**Material supplied:**
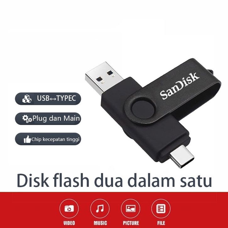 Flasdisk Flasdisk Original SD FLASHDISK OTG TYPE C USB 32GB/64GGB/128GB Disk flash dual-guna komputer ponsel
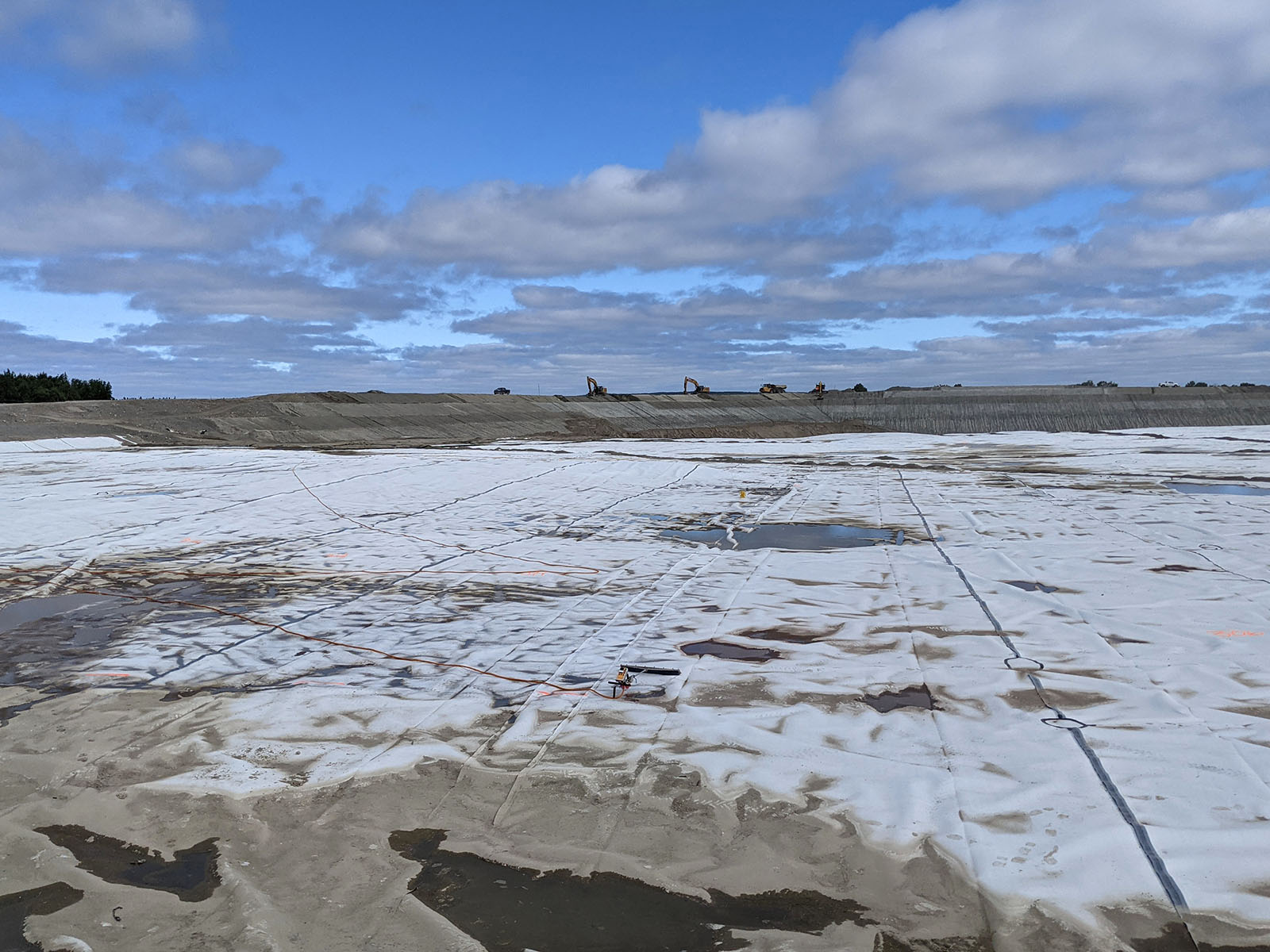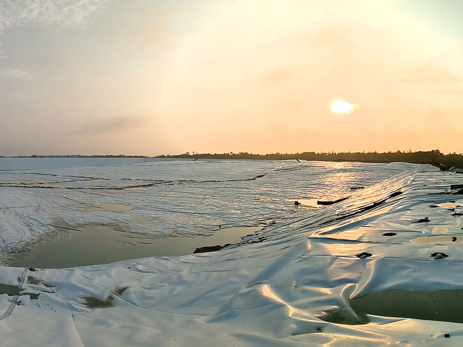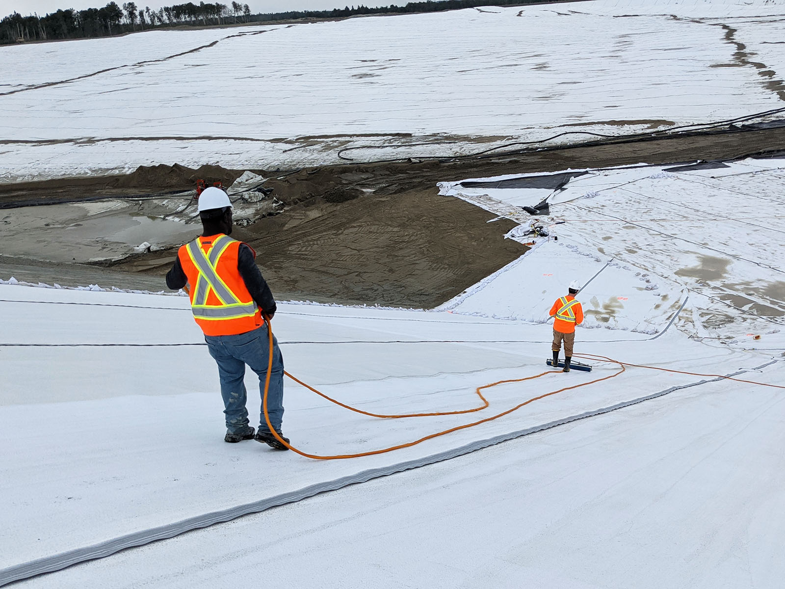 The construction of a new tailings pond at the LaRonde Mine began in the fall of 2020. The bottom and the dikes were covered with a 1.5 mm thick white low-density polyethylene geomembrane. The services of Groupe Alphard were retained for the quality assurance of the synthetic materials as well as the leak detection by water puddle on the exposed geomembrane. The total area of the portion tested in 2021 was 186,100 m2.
* * *
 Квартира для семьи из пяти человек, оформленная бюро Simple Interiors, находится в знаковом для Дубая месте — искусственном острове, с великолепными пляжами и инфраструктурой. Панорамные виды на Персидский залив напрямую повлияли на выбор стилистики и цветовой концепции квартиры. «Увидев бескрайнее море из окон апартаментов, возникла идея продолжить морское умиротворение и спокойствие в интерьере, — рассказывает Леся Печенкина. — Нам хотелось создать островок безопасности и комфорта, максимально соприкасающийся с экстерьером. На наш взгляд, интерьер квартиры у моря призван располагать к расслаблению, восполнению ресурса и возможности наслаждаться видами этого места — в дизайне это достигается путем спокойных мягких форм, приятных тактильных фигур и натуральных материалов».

**Your task:** Print, exactly, each line above from the one with "Flasdisk Flasdisk Original" to the one with "The construction of", end lines included. Leave pictures out of it.

**Solution to this problem:**
 Flasdisk Flasdisk Original SD FLASHDISK OTG TYPE C USB 32GB/64GGB/128GB Disk flash dual-guna komputer ponsel
 The construction of a new tailings pond at the LaRonde Mine began in the fall of 2020. The bottom and the dikes were covered with a 1.5 mm thick white low-density polyethylene geomembrane. The services of Groupe Alphard were retained for the quality assurance of the synthetic materials as well as the leak detection by water puddle on the exposed geomembrane. The total area of the portion tested in 2021 was 186,100 m2.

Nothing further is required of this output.